Here is the complete source code of that utility!
Usage:
. CountPDFPages -h (get some help)
. CountPDFPages (count all PDF files on current folder)
. CountPDFPages fullPathToPDFFolder
It works really fast! It will produce a text file that contains a listing of all PDF files with the page count next to it then you can use it to import into Excel or something similar.
Enjoy!
#region CountPDFPages
//
// Authors: Chanh Ong
// Date: 4/27/2010
//
// THE SOFTWARE IS PROVIDED "AS IS", WITHOUT WARRANTY OF ANY KIND, EXPRESS OR
// IMPLIED, INCLUDING BUT NOT LIMITED TO THE WARRANTIES OF MERCHANTABILITY,
// FITNESS FOR A PARTICULAR PURPOSE AND NONINFRINGEMENT. IN NO EVENT SHALL
// THE AUTHORS OR COPYRIGHT HOLDERS BE LIABLE FOR ANY CLAIM, DAMAGES OR OTHER
// LIABILITY, WHETHER IN AN ACTION OF CONTRACT, TORT OR OTHERWISE, ARISING
// FROM, OUT OF OR IN CONNECTION WITH THE SOFTWARE OR THE USE OR OTHER
// DEALINGS IN THE SOFTWARE.
#endregion
using System;
using System.IO;
using System.Text;
using System.Text.RegularExpressions;
namespace CountPDFPages
{
class CountPDFPages
{
static string meName = "CountPDFPages";
static string meHelp = "[" + meName.ToUpper()+"_HELP]";
static void Main(string[] args)
{
string filePath = ".\\";
Console.WriteLine("\nBy: Chanh Ong\nUse /h to get Help\n");
if (args.Length > 0)
{
if (args[0].ToLower() == "/h" || args[0] == "/?") filePath = meHelp;
else filePath = args[0];
}
if (filePath == meHelp) showHelp();
else processPDFFiles(filePath);
}
public static void processPDFFiles(string filePath)
{
int countFile = 0;
countFile = getFiles(filePath);
if (countFile == 0) Console.WriteLine("Nothing to do!");
System.Console.WriteLine("\nProcessed " + countFile + " files");
}
public static int getFiles(string sfolder)
{
string fullFilePath, sb, pages, sPath = "";
int countFile = 0;
try
{
// Make a reference to a directory.
DirectoryInfo Dinfo = new DirectoryInfo(sfolder);
// Get a reference to each file in that directory.

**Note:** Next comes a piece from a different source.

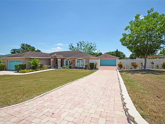 If you’ve wanted a beautiful pool home with a very well-kept and clean over 700 sq ft workshop, and a garden planter area, a few fruit trees, with plenty of space for two or four-legged ones to roam on a corner lot, welcome to your new home! This 3-bedroom, 2-bath, 4-car garage home has much to boast about. Skylights in the kitchen and living room bring natural light into the house, and the office/den has French doors that allow light to filter from the windows into the entry. Laminate and tile floors throughout, no carpet. The split-bedroom floor plan gives the primary bedroom privacy, away from the entry and both secondary bedrooms. The spacious primary bathroom has a walk-in shower with a new showerhead, a separate jetted tub, a private toilet room, and a walk-in closet. A shared bathroom is between the two secondary bedrooms, allowing for some privacy. The living and dining room overlook the pool and outdoor eating area. The separate two-car garage has an AC and is ready for its next hobbyist or cave dweller/she shedder. The spacious fenced-in lot with several gates allows for the extra garage, vegetable gardens, a pool with a brick paver walking path around the screened-in lanai, and a grassy area. The rolling hills of the Lakeland Highlands area and its location less than a mile to Banana Lake Park with jungle gyms, several picnic areas, trees for shade, wide open spaces, a fishing dock, and a boat launch make this a fantastic area for outdoor time. Grocery stores, restaurants with delicious food, retail stores, and a mall are all within a few miles of the home. Don’t miss out on this opportunity! New microwave and kitchen faucet. Newer roof and double-paned windows have been recently installed. Not in a flood zone.
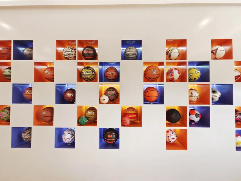 In de productshowroom van Meidong Sports zijn er tientallen basketbal-, voetbal- en volleybalproducten van verschillende stijlen en felle kleuren.

FileInfo[] fileInfoArray = Dinfo.GetFiles();
if (sfolder != null) sPath = Path.GetFullPath(sfolder);
if (sPath.Substring(sPath.Length - 1) != "\\") sPath = sPath + "\\";
try
{
using (StreamWriter outFile = new StreamWriter(sPath + @"pagecount.txt"))
{
foreach (FileInfo oneFileInfo in fileInfoArray)
{
if (oneFileInfo.Extension.ToLower() == ".pdf")
{
countFile++;
fullFilePath = sPath + oneFileInfo.Name;
pages = getNoOfPDFPages(fullFilePath).ToString();
sb = oneFileInfo.Name + "," + pages;
outFile.WriteLine(sb.ToString());
System.Console.WriteLine("This \"" + fullFilePath + "\" file has " + pages + " pages");
}
}
}
}
catch (System.SystemException e)
{
Console.WriteLine("\n" + e.Message + "\n");
}
}
catch (System.IO.DirectoryNotFoundException e)
{
Console.WriteLine("\n" + e.Message + "\n");
}
return countFile;
}
public static int getNoOfPDFPages(string fileName)
{
if (File.Exists(fileName) == false) return 0;
int result = 0;
FileStream fs = new FileStream(fileName, FileMode.Open, FileAccess.Read);
StreamReader r = new StreamReader(fs);
string pdfText = r.ReadToEnd();
System.Text.RegularExpressions.Regex regx = new Regex(@"/Type\s*/Page[^s]");
System.Text.RegularExpressions.MatchCollection matches = regx.Matches(pdfText);
result = matches.Count;
return result;
}
public static void showHelp()
{
System.Console.WriteLine("Usage:\n");
System.Console.WriteLine(meName + " (assume current folder)\n");
System.Console.WriteLine(" or\n");
System.Console.WriteLine(meName + " FullFolderPath (ex: \"p:\\folder\\subfolder\")\n");
return;
}
}
}